▶ _TASK GOAL_: Without including any images, reproduce each entry exactly.

Records excerpted from a collection
━━━━
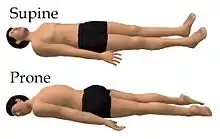 وباستخدام المصطلحات التشريحية للموقع، فإن الجانب الظهري يكون للأسفل، والجانب البطني للأعلى عند الاستلقاء.
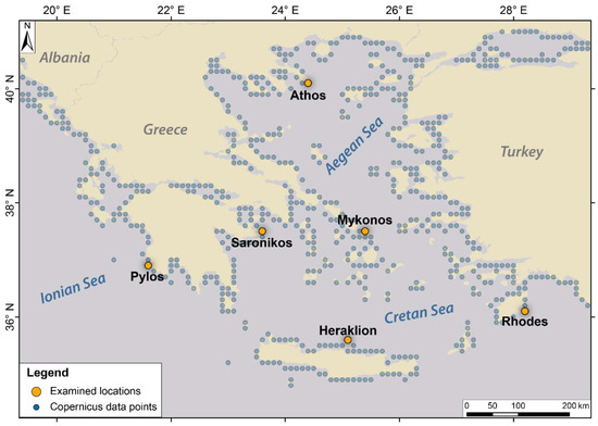 - Makris, C.; Galiatsatou, P.; Tolika, K.; Anagnostopoulou, C.; Kombiadou, K.; Prinos, P.; Velikou, K.; Kapelonis, Z.; Tragou, E.; Androulidakis, Y.; et al. Climate change effects on the marine characteristics of the Aegean and Ionian Seas. Ocean Dyn. 2016, 66, 1603–1635. [Google Scholar] [CrossRef]
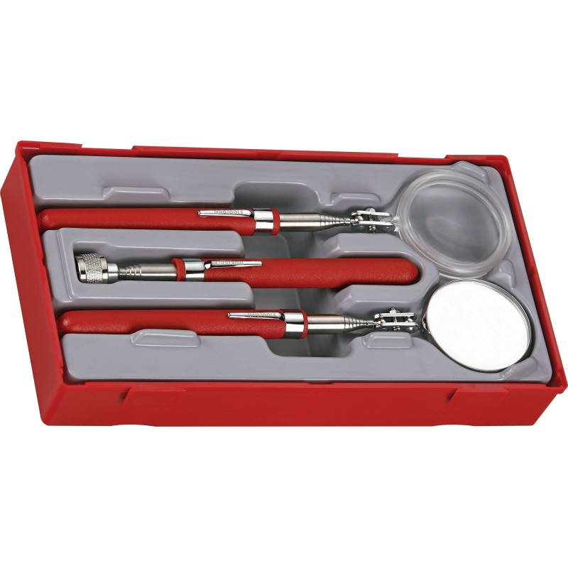 Zawiera trzy narzędzia o budowie teleskopowej: lusterko inspekcyjne, szkło powiększające i magnes. Wszystkie z zaczepem do kieszeni. Dostarczany w pojemniku tworzywowym z odłączaną pokrywą. Pasuje do skrzynek i wózków narzędziowych Teng Tools.
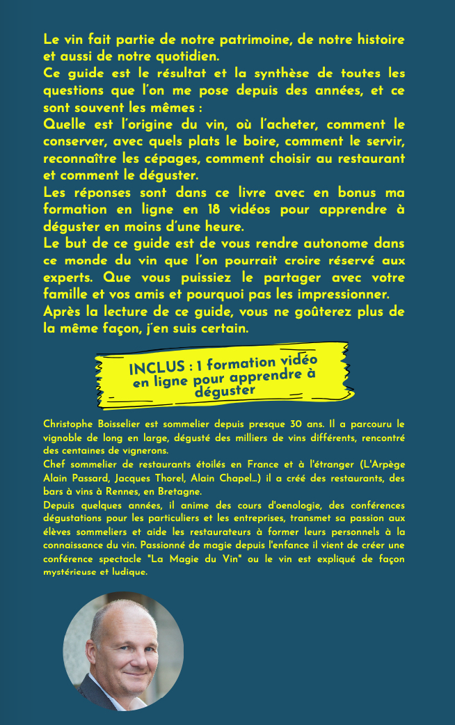 Bonjour, je commence à m’intéresser au Vins et je suis tombé sur votre livre. Il est magnifique, incroyable, plein d’expérience, d’anecdotes et de connaissances. J’ai trouvé ce livre parfait, un des meilleurs sur le Vins que j’ai pu lire. De plus, à la fin, l’auteur vous propose une formation qui est payante, mais grâce a ce livre, vous avez une réduction, vous ne payez rien pour cette formation. Ce livre reflète bien ce que représente le vin pour moi, le partage et de belles valeurs.
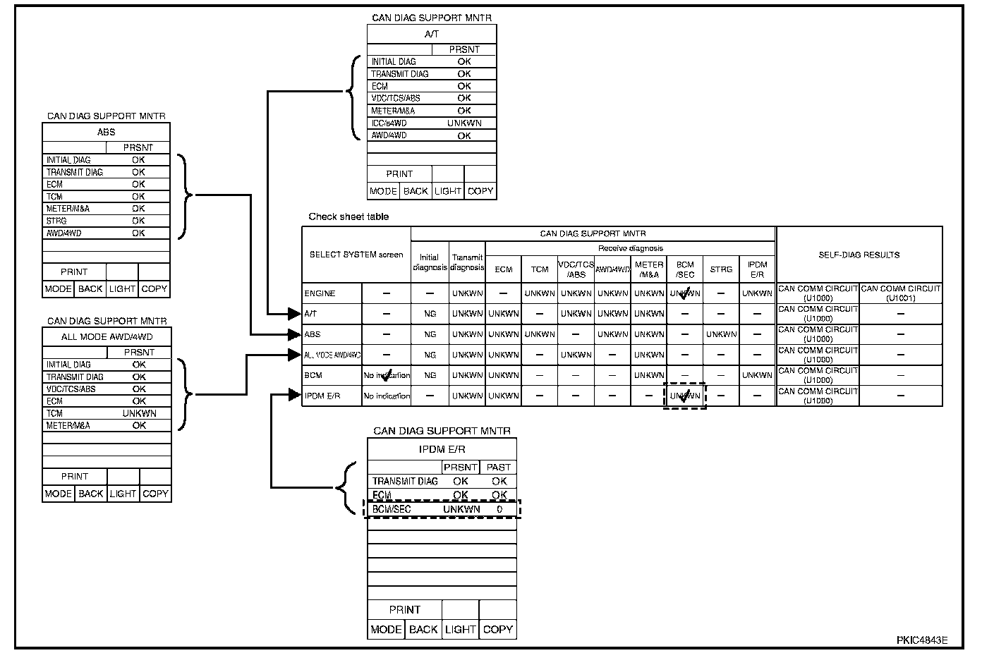 3. Confirm the unit name that "UNKWN" is displayed on the copy of "CAN DIAG SUPPORT MNTR" screen of "A/T", "ABS", "ALL MODE AWD/4WD" and "IPDM E/R" as well as "ENGINE". And then, put a check mark to the check sheet table.
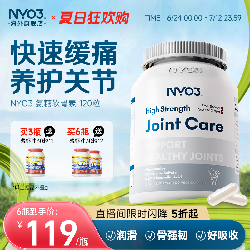 NYO3挪威進口氨糖軟骨素維骨力中老年骨骼關節鈣片膠囊內服精華
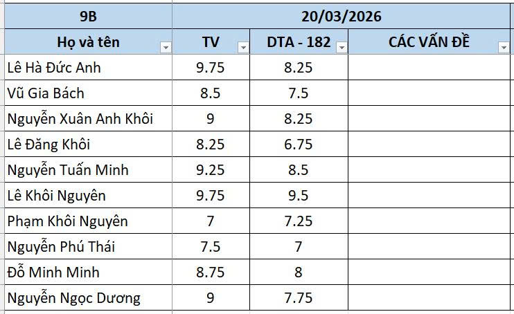 THỨ SÁU NGÀY 20/03/2026 - QLHS 9B
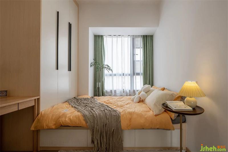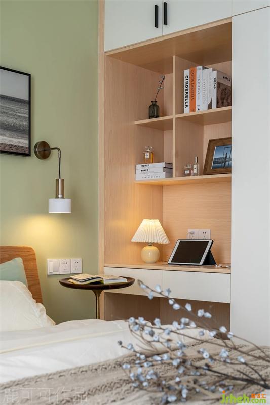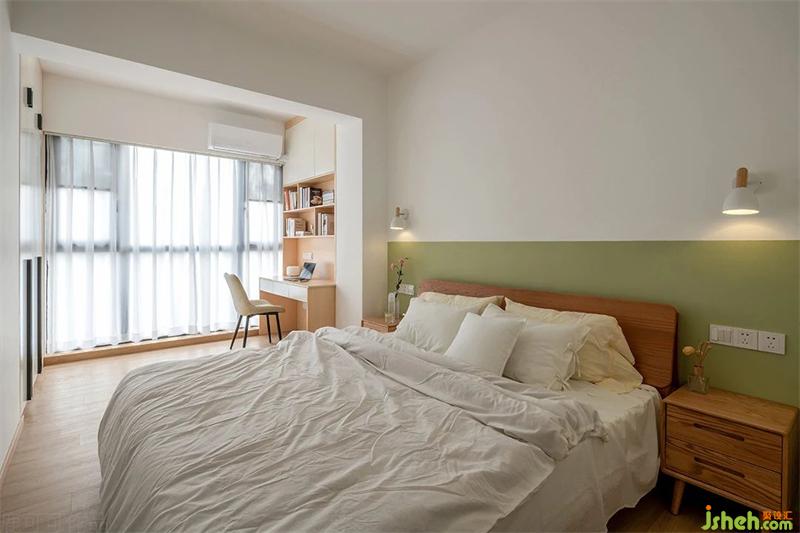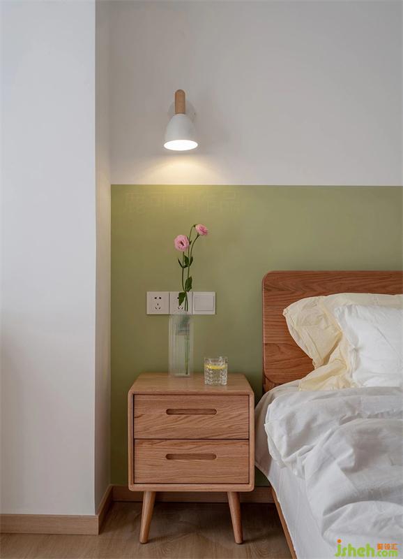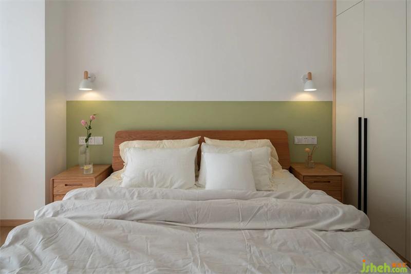主卧延续了客厅的清爽调性,床头背景是莫兰迪色系中的荷塘月色,搭配了原木色的床,既清爽又温馨。
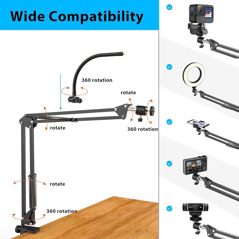 【Universal 1/4 Thread Screw Head】 This over head gooseneck tripods mount with a standard 1/4" thread head, compatible with lightweight camera like Digital Camera and desktop webcam like Logitech Brio 4K, C930e, C920, C920s, C922, C922x, C615, or 6"/8"/10" Ring light and Gopro lightweight action camera, Pico Projector.
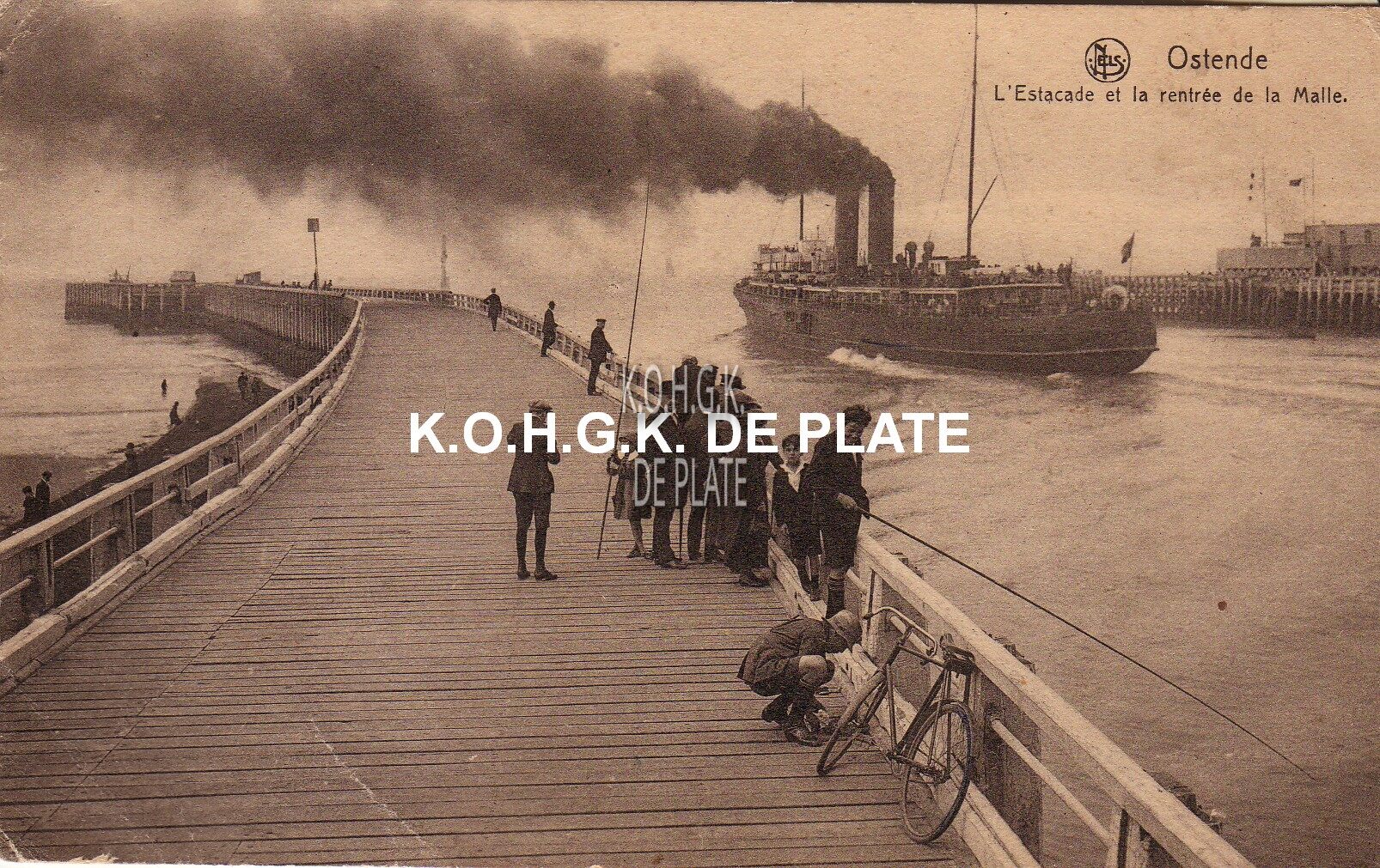 Nels. - Ostende - L'Estacade et la rentrée (sic) de la Malle. - De pakketboot "Princesse Elisabeth" verlaat de haven op weg naar Dover. Links, het Weststaketsel en rechts, een gedeelte van het Ooststaketsel met tijseinpost
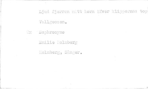 //// Ljud fjerran ittt horn öfver klippornas bop: Vallgossen. //// 2x Euphrosyne //// Emilie Lolmberg //// ',Lolmberg, Såner. ////
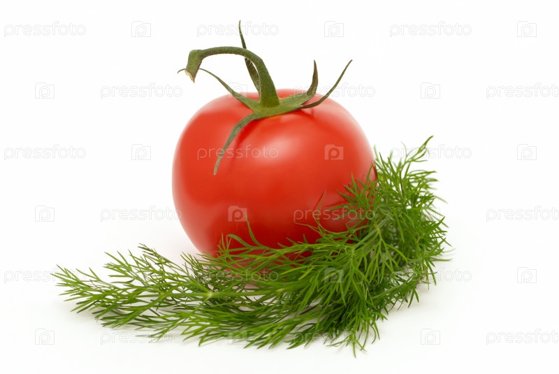 Помидор с укропом на белом фоне
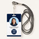 Personnalisez cette carte d'identité marine minimaliste avec votre photo et nom d'employé, titre de poste, informations commerciales, logo et code QR. Montré ici comme un "consultant en design" Photo ID Badge, ce design moderne bleu marine et blanc peut être entièrement customisé pour toute entreprise. Il vous suffit de modifier les champs texte, photo, logo et code QR pour créer votre propre badge d'identification d'entreprise personnalisé. Ce badge simple et élégant est parfait pour toutes les professions, y compris les graphistes, les architectes d'intérieur, les coiffeurs, les coiffeurs, les médecins et les hôpitaux.
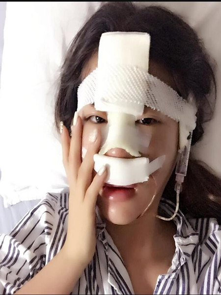 這個是第八天的,我已經(jīng)拆了線了,鼻子還是有單腫,眼睛看起來好多了,鼻子里那個是鼻夾,所以現(xiàn)在我的鼻頭,看起來還是那么大,豆瓣是撐的,現(xiàn)在還是沒有洗頭,難受想哭,以前基本每天都會洗頭的我,那種痛苦可想而知啊。
━━━━
▶ _EXERCISE RESULT_:
 وباستخدام المصطلحات التشريحية للموقع، فإن الجانب الظهري يكون للأسفل، والجانب البطني للأعلى عند الاستلقاء.
 - Makris, C.; Galiatsatou, P.; Tolika, K.; Anagnostopoulou, C.; Kombiadou, K.; Prinos, P.; Velikou, K.; Kapelonis, Z.; Tragou, E.; Androulidakis, Y.; et al. Climate change effects on the marine characteristics of the Aegean and Ionian Seas. Ocean Dyn. 2016, 66, 1603–1635. [Google Scholar] [CrossRef]
 Zawiera trzy narzędzia o budowie teleskopowej: lusterko inspekcyjne, szkło powiększające i magnes. Wszystkie z zaczepem do kieszeni. Dostarczany w pojemniku tworzywowym z odłączaną pokrywą. Pasuje do skrzynek i wózków narzędziowych Teng Tools.
 Bonjour, je commence à m’intéresser au Vins et je suis tombé sur votre livre. Il est magnifique, incroyable, plein d’expérience, d’anecdotes et de connaissances. J’ai trouvé ce livre parfait, un des meilleurs sur le Vins que j’ai pu lire. De plus, à la fin, l’auteur vous propose une formation qui est payante, mais grâce a ce livre, vous avez une réduction, vous ne payez rien pour cette formation. Ce livre reflète bien ce que représente le vin pour moi, le partage et de belles valeurs.
 3. Confirm the unit name that "UNKWN" is displayed on the copy of "CAN DIAG SUPPORT MNTR" screen of "A/T", "ABS", "ALL MODE AWD/4WD" and "IPDM E/R" as well as "ENGINE". And then, put a check mark to the check sheet table.
 NYO3挪威進口氨糖軟骨素維骨力中老年骨骼關節鈣片膠囊內服精華
 THỨ SÁU NGÀY 20/03/2026 - QLHS 9B
主卧延续了客厅的清爽调性,床头背景是莫兰迪色系中的荷塘月色,搭配了原木色的床,既清爽又温馨。
 【Universal 1/4 Thread Screw Head】 This over head gooseneck tripods mount with a standard 1/4" thread head, compatible with lightweight camera like Digital Camera and desktop webcam like Logitech Brio 4K, C930e, C920, C920s, C922, C922x, C615, or 6"/8"/10" Ring light and Gopro lightweight action camera, Pico Projector.
 Nels. - Ostende - L'Estacade et la rentrée (sic) de la Malle. - De pakketboot "Princesse Elisabeth" verlaat de haven op weg naar Dover. Links, het Weststaketsel en rechts, een gedeelte van het Ooststaketsel met tijseinpost
 //// Ljud fjerran ittt horn öfver klippornas bop: Vallgossen. //// 2x Euphrosyne //// Emilie Lolmberg //// ',Lolmberg, Såner. ////
 Помидор с укропом на белом фоне
 Personnalisez cette carte d'identité marine minimaliste avec votre photo et nom d'employé, titre de poste, informations commerciales, logo et code QR. Montré ici comme un "consultant en design" Photo ID Badge, ce design moderne bleu marine et blanc peut être entièrement customisé pour toute entreprise. Il vous suffit de modifier les champs texte, photo, logo et code QR pour créer votre propre badge d'identification d'entreprise personnalisé. Ce badge simple et élégant est parfait pour toutes les professions, y compris les graphistes, les architectes d'intérieur, les coiffeurs, les coiffeurs, les médecins et les hôpitaux.
 這個是第八天的,我已經(jīng)拆了線了,鼻子還是有單腫,眼睛看起來好多了,鼻子里那個是鼻夾,所以現(xiàn)在我的鼻頭,看起來還是那么大,豆瓣是撐的,現(xiàn)在還是沒有洗頭,難受想哭,以前基本每天都會洗頭的我,那種痛苦可想而知啊。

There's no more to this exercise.